With the FDA approval of retifanlimab (Zynyz; Incyte) as the first and only first-line treatment for advanced anal cancer, researchers are now focusing on resistance mechanisms and future therapies, according to Sheela Rao, MBBS, MD, FRCP, of The Royal Marsden Hospital.
On May 15, the FDA approved retifanlimab-dlwr (Zynyz; Incyte) in combination with platinum-based chemotherapy for the first-line treatment of adult patients with inoperable locally recurrent or metastatic squamous cell carcinoma of the anal canal. It was also approved as a monotherapy for those whose disease has progressed or who are intolerant to platinum-based chemotherapy.
The approval was supported by data from the phase 3 POD1UM-303/InterAACT2 trial (NCT04472429) and the phase 2 POD1UM-202 trial (NCT03597295), establishing retifanlimab as the first and only FDA-approved first-line treatment for advanced anal cancer.
In an interview with The American Journal of Managed Care®, Sheela Rao, MBBS, MD, FRCP, consultant medical oncologist at The Royal Marsden Hospital and lead investigator of the POD1UM-303/InterAACT 2 trial, discusses the anticipated impact of this approval on clinical practice and the importance of ensuring equitable access. Looking ahead, she also shares key unanswered questions in anal cancer research and outlines directions for future trials.
This transcript was lightly edited; captions were auto-generated.
Transcript
As the first and only FDA-approved first-line treatment for advanced anal cancer, how do you anticipate retifanlimab will impact clinical practice and treatment decision-making?
Obviously, we're very excited about the FDA approval, and I do believe that this is a practice-changing regimen. I would hope that we would be able to deliver this to all patients who meet the eligibility, so any patient in the advanced setting should now be able to receive this combination.
I've just come back from a meeting at ASCO [the American Society of Clinical Oncology Annual Meeting], where we've discussed this broadly with many oncologists. Certainly, once this licensing, we're awaiting, obviously, European licensing and UK subsequently, but certainly for now, within the US, I would say this is on the NCCN [National Comprehensive Cancer Network] guidelines. Obviously, after this approval, the recommendation will be on the NCCN guidelines.
What challenges, if any, do you foresee in ensuring equitable access to retifanlimab, especially in underserved settings?
That's a good question, and something we also addressed at a meeting recently. Some of this, it's about education. It's about patient and physician education, and also ensuring that, if it's not feasible at one center, that there's a hub or another center [where] this can be given.

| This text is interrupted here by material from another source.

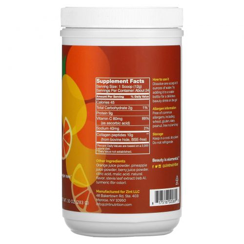 Описание товара ZINT, Sweet Collagen, ананас и апельсин, 283 г (10 унций)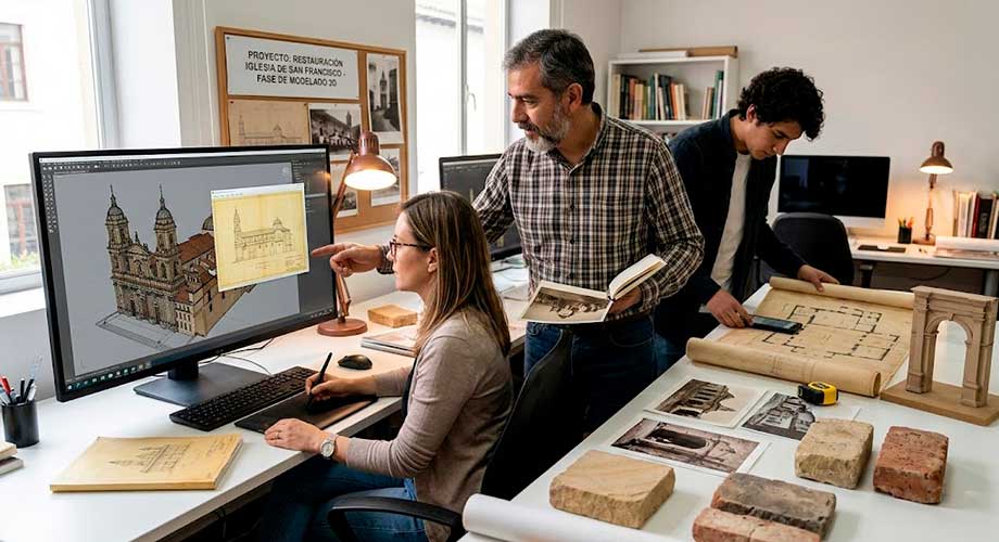 Este proceso requiere conocimiento en historia de la arquitectura y diseño estructural. La imagen no se copia; se interpreta.

This is something we're working strongly with oncologists, and something we discussed at a meeting just recently. I would strongly encourage oncologists to reach out to other centers if they believe that they're not able to give it.

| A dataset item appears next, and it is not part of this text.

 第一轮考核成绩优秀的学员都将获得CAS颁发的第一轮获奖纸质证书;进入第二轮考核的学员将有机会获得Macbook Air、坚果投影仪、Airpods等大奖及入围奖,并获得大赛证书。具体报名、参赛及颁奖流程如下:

Having said that, it is a very straightforward regimen. Therefore, I would hope it should be able to be delivered everywhere. In terms of underserved populations, or in terms of costs, again, this is something that the company [Incyte] is working quite strongly [on], after the FDA approval.
I would hope that, eventually, this is something that should be able to be delivered quite easily in the community center, as well as in the bigger centers. That's certainly what I was led to believe from our recent meetings.
Looking ahead, what are the most pressing unanswered questions in anal cancer research? Are there any ongoing or upcoming clinical trials you're particularly excited about?
In terms of unmet needs, there's still quite a lot of unmet needs in anal cancer. It's a cancer that, particularly, in the advanced setting, there has been less research [on it] until recently. Obviously, these phase 3 data are really encouraging. Things that we're still answering, even from this trial, that will be important to look at are further translational work and biomarker work to understand if there are particularly exceptional groups.
I think the things to note in this trial were that, actually, the CPS [Combined Positive Score] score of greater than 1 applied to most patients, more than 90% in both arms. There is not a need to correlate that in terms of giving the treatment. We also included patients with metastatic liver disease, and they also seem to get equally good responses. Again, that's not a group that we need to exclude.
But going forward, in terms of unanswered questions, we need to understand what happens next when they do get resistance to the immunotherapy, what we give after that, and that's the subject of further research. We need to understand the biology of what's happening there. We need to understand whether patients, beyond this treatment, what are the next lines of treatment? What is the biology that drives those next lines of treatment?
In terms of in the earlier setting, there are no trials currently with retafanlimab in the earlier setting, but there are trials being planned, etc. It's an area that, clearly, the next steps are potentially to explore whether there is any role for immunotherapy earlier on in the locoregional setting. Those are trials that are in planning.
In terms of the locoregional settings, there's also, obviously, a lot of different questions in anal cancer in that group about how to improve the treatment, how to make sure that the side effects are better, how to ensure the quality of life is better in the early setting, and how to, again, identify patients who may not respond as well to locoregional treatment, who may need more enhanced treatment.
There's a lot of different questions, some around the treatment, some around the biology, but plenty to still explore.